Nazism did have a quasi-religious basis, although this was not coherently explained. The swastika became a religious symbol of German tribal unity. The Nazi use of the old “Gott Mit Uns” (God With Us) slogan (if just on military belt buckles) served to assert absolute moral legitimacy and a mandate from heaven for their program.

The idea of the German conquest of the world was invested by Hitler with a spiritual purpose through the concept of the Aryan master race. The moral fervour of Nazism viewed Hitler as a messiah figure, with the racial caste analysis from Mein Kampf as a core teaching.

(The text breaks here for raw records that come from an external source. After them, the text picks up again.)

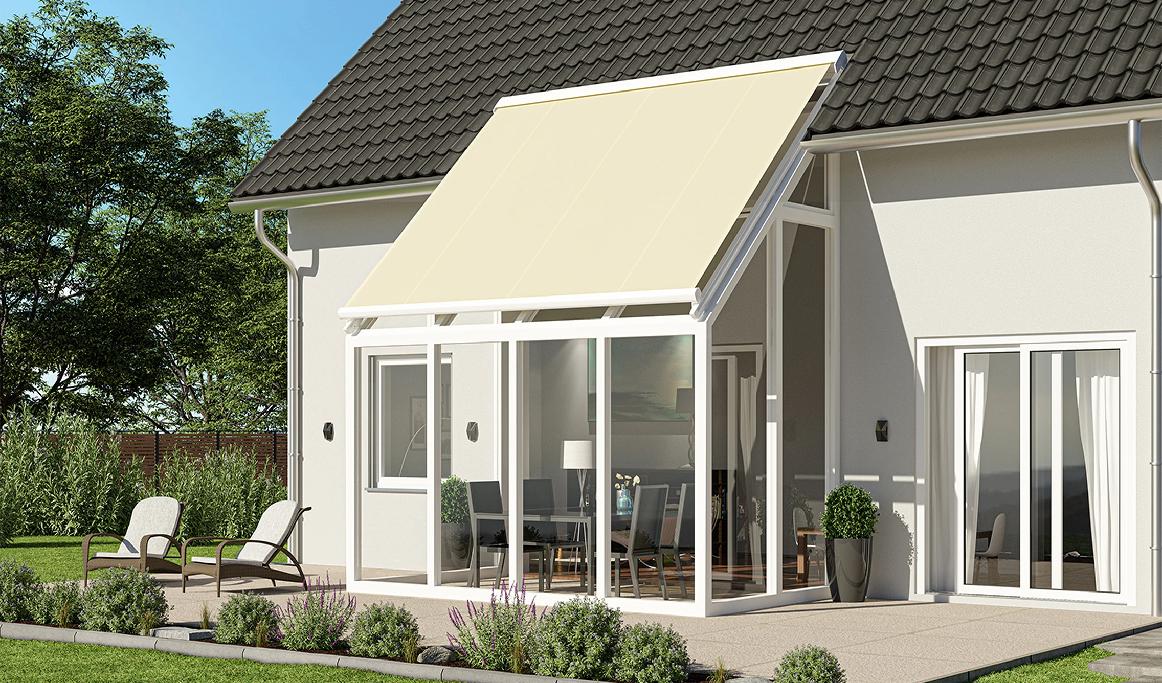 Unterglasmarkise, sicher integriert und zuverlässig im Einsatz gegen Sonne.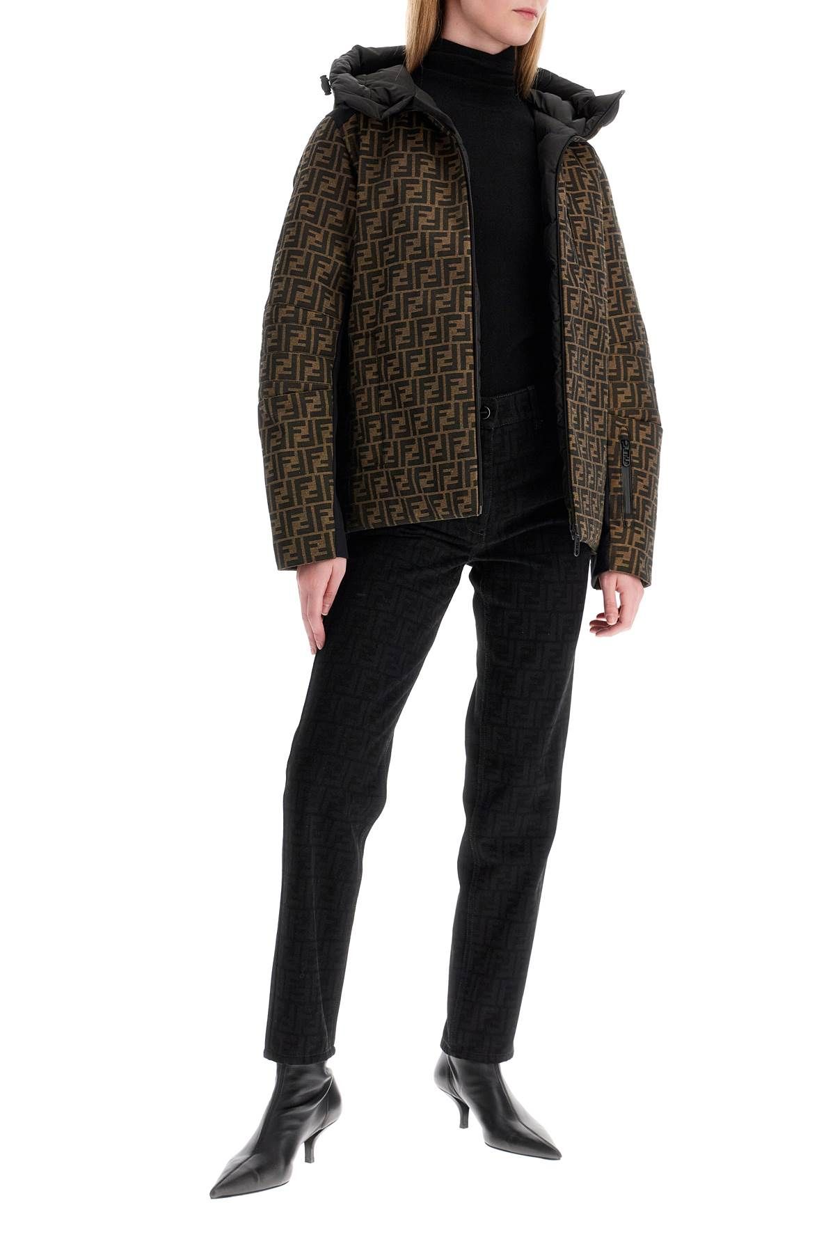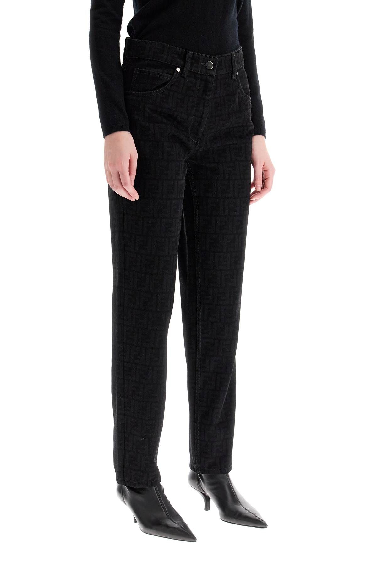 These Fendi five-pocket jeans are made of denim with an all-over FF laser pattern and finished with a branded leather patch on the back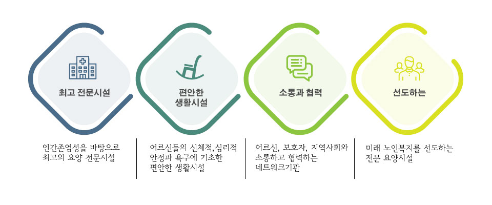 또한 풍부한 영양, 입맛에 맞는 웰빙식사 제공은 물론 다채로운 프로그램 및 간호, 재활서비스로 정서적 안정과 만족을 드릴 수 있도록 항상 노력하겠습니다.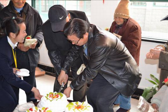 节目接近尾声,生日快乐歌响起,胡书记跟老人们一起切蛋糕,唱生日歌,老人品尝着蛋糕,每个人脸上都洋溢着幸福的笑容。快乐的时光总是如此短暂,最后,我们带着老人们的感谢、心中的不舍,离开了敬老院。

Belief in divine will is essential to sustain caste beliefs, presenting a supernatural explanation of social hierarchy with a moral justification that drives political mobilisation.
LanDroid wrote: [*] As we're painfully aware, faith - in contrast to science - can be impervious to evidence. Discuss this feature of dogma, where, unlike hypotheses and theories, religious statements can be permanent.
The perviosity of faith to evidence is a complex and slow process. While faith is highly conservative, with ingrained suspicion about external ideas, it also has a tectonic quality, like continental drift, enabling sudden and total transformation over long enough periods of time.

Evidence serves to gradually corrode old certainties of faith, generation by generation. Things accepted without question two generations ago are now widely rejected. Nothing is permanent in religion, despite assertions to the contrary.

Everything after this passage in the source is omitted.